Wednesday, August 11, 2004

Who should we pray to? (part 2)...

Wendy, and anyone else who's interested, the spot in Koukl's radio broadcast where he addresses this topic is approximately 1 hour and 19 minutes into the show. He takes a call from a caller named Larry. The spot lasts about 4 or 5 minutes. Greg didn't address Stephen calling out to Jesus, which is another topic we should discuss sometime - the fact that Stephen models the same words that Jesus used on the cross, nor does he address Paul speaking about his thorn in the flesh. The scripture regarding Stephen is:
When they heard these things, they became furious and ground their teeth at him. But Stephen, full of the Holy Spirit, looked intently toward heaven and saw the glory of God, and Jesus standing at the right hand of God. “Look!” he said. “I see the heavens opened, and the Son of Man standing at the right hand of God!” But they covered their ears, shouting out with a loud voice, and rushed at him with one intent. When they had driven him out of the city, they began to stone him, and the witnesses laid their cloaks at the feet of a young man named Saul. They continued to stone Stephen while he prayed, “Lord Jesus, receive my spirit!” Then he fell to his knees and cried out with a loud voice, “Lord, do not hold this sin against them!” When he had said this, he died. - Acts 7:54-60 (NET)

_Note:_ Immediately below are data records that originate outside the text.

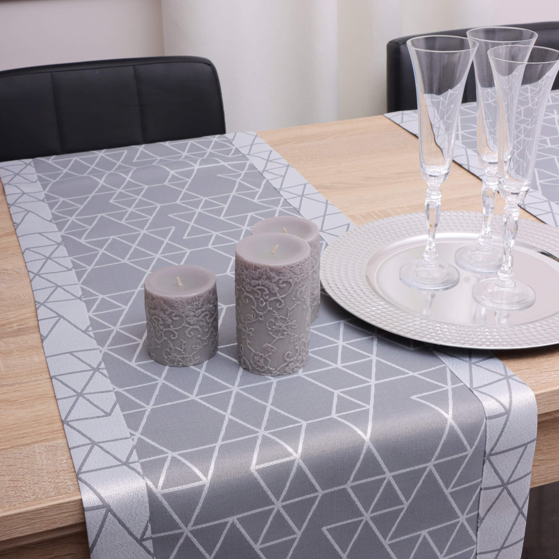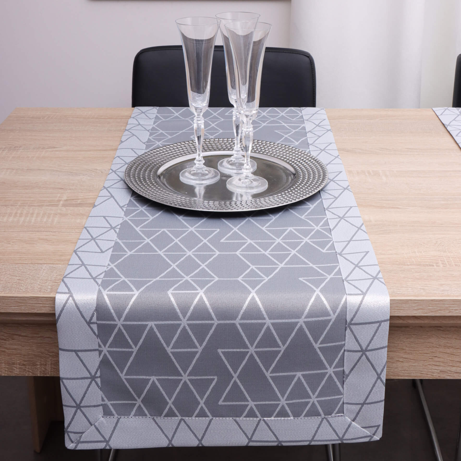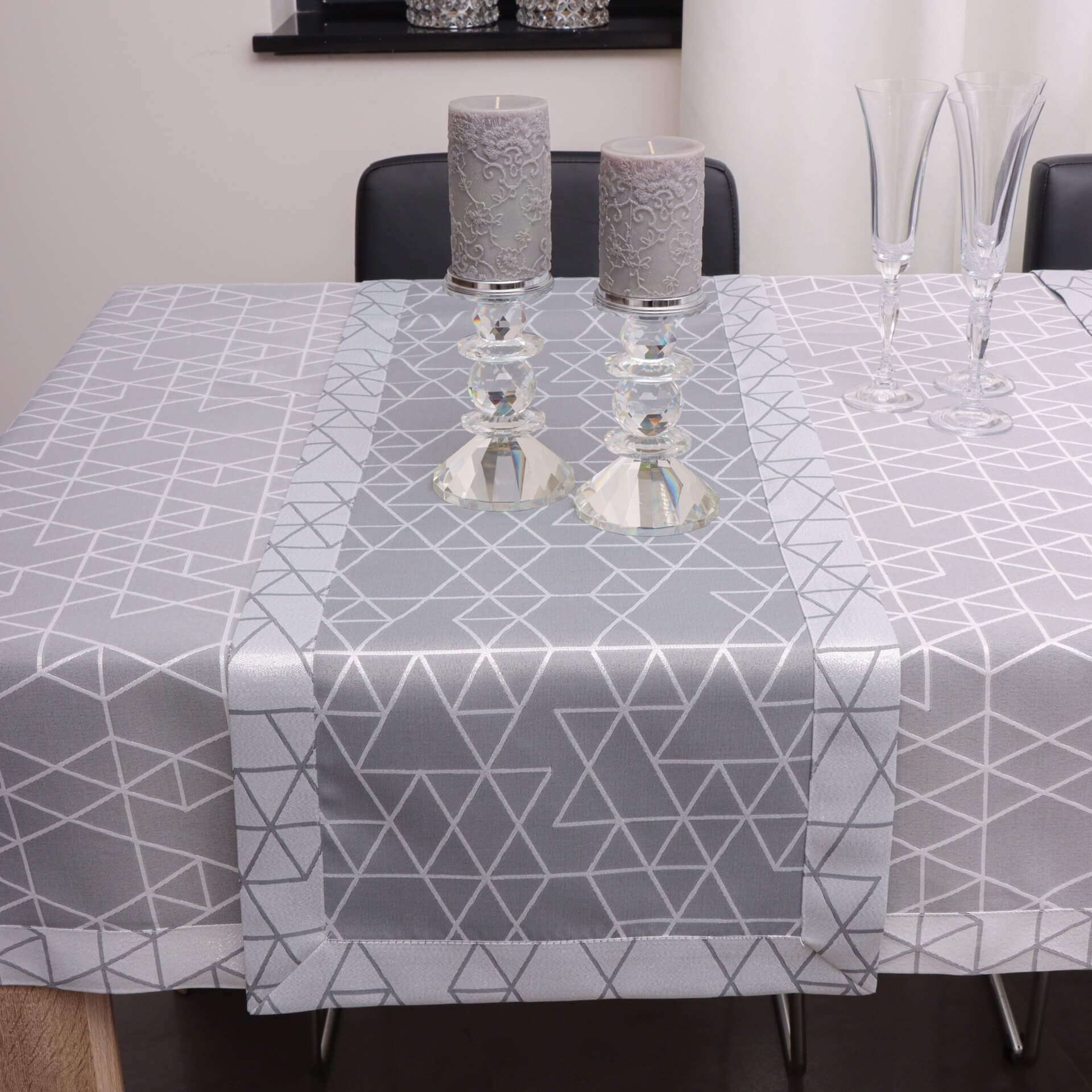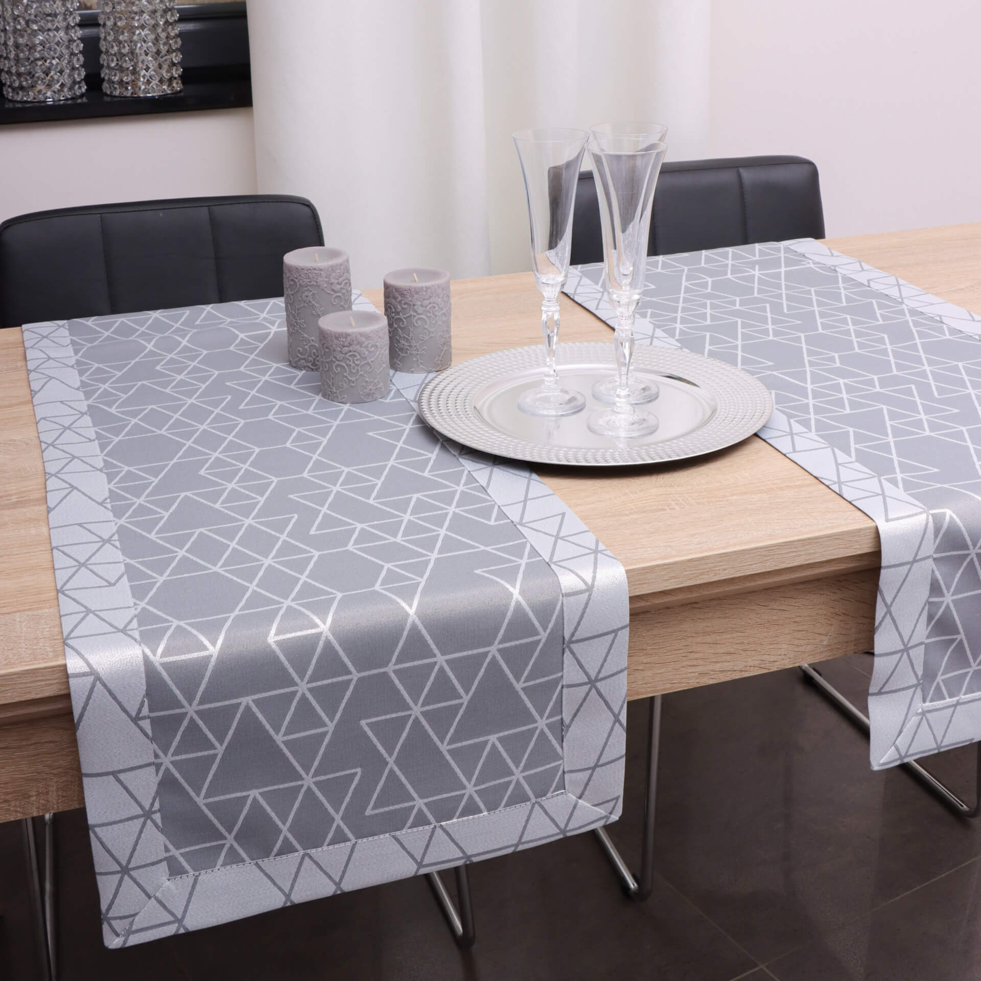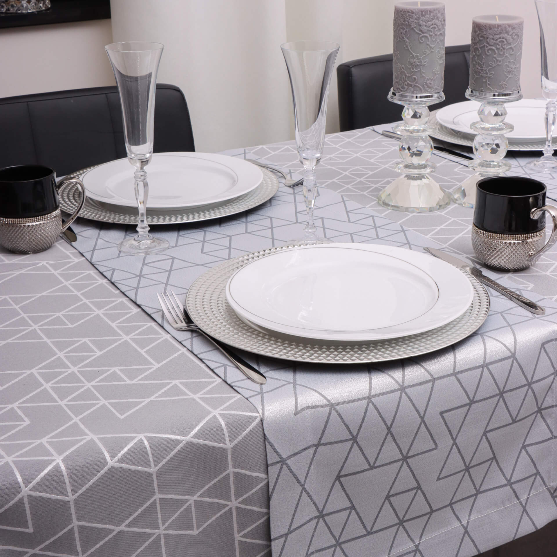 Bieżnik nowoczesny plamoodporny TOKYO – nadaje wyjątkowego charakteru w Twoim domu. Wykonany jest z żakardowej tkaniny z dodatkiem nitki metalizowanej w kolorze srebrnym oraz jest wykończony elegancką listwą o szerokości 5 cm. Doskonale prezentuje się po jednej, jak i po drugiej stronie. Nadaje bardzo oryginalny wygląd, który doskonale pasuje do większości salonów, ale także znajdzie zastosowanie w restauracjach i hotelach. Komponuje się z kontrastującymi dodatkami, takimi jak zastawa stołowa, sztućce czy świeczniki. Jest łatwy w utrzymaniu, kolory nie tracą swojej barwy, a więc obrus zachowuje swoje walory przed długi czas użytkowania.
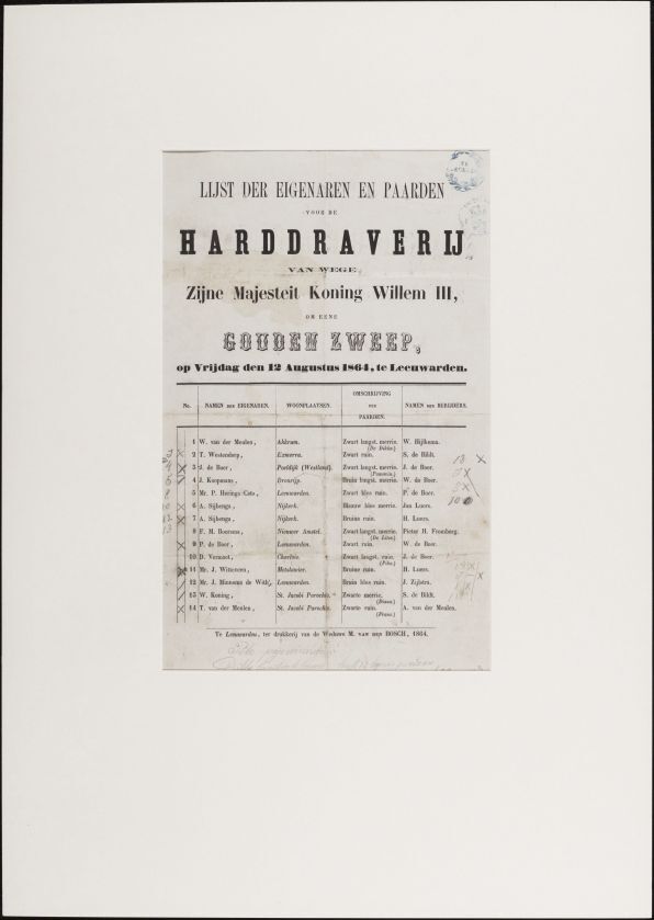 Lijst der eigenaren en paarden voor de harddraverij van wege Zijne Majesteit Koning Willem III, om eene gouden zweep op vrijdag den 12 augustus 1864 te Leeuwarden
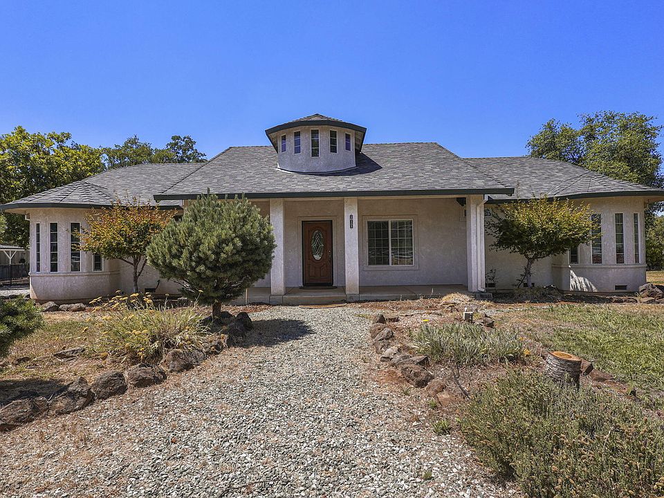 Career change drives sale of this custom North Redding Move-In ready home, featuring a new 28-panel owned solar. This 3BR, 2.5 BA offers an open layout with a den/poker room, rich wood floors, plush carpeting in bedrooms, and a cozy gas fireplace. The Master Bedroom suite boasts another romantic gas fireplace and a spacious master bathroom with ample storage, a jetted tub, and a glass block shower with dual heads. A 574 sq ft storage/game room with fresh carpeting adjoins the large garage with an 18' X 9' door and 10' ceilings. Secure storage abounds with a 48x10 covered carport running the length of the outbuilding. Recent updates include a 2-year-old roof and brand new A/C unit. Enjoy the entertainer's paradise backyard with a massive covered patio. Plus, a 32 x 24 RV carport with full hookups (30 & 50 amp), along with a 24' above-ground pool and plenty of parking in the U-shaped driveway. Close to Tierra Oaks golf course, Shasta Lake, and downtown Redding.
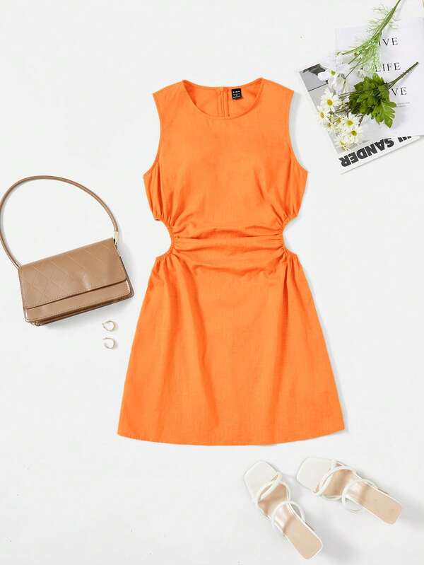 SHEIN EZwear Cut Out Waist Ruched Side Dress

What he does address is that when we "pray in the name of Jesus," we are going to the Father by the authority Jesus has given us through the power of the Holy Spirit. Koukl references Hebrews 10 with regards to the interworkings of the Trinity. Here is an excerpt:
By his will we have been made holy through the offering of the body of Jesus Christ once for all. And every priest stands day after day serving and offering the same sacrifices again and again—sacrifices that can never take away sins. But when this priest had offered one sacrifice for sins for all time, he sat down at the right hand of God, where he is now waiting until his enemies are made a footstool for his feet. For by one offering he has perfected for all time those who are made holy. And the Holy Spirit also witnesses to us, for after saying, “This is the covenant that I will establish with them after those days, says the Lord. I will put my laws on their hearts and I will inscribe them on their minds,” then he says, “Their sins and their lawless deeds I will remember no longer.” - Hebrews 10:10-17 (NET)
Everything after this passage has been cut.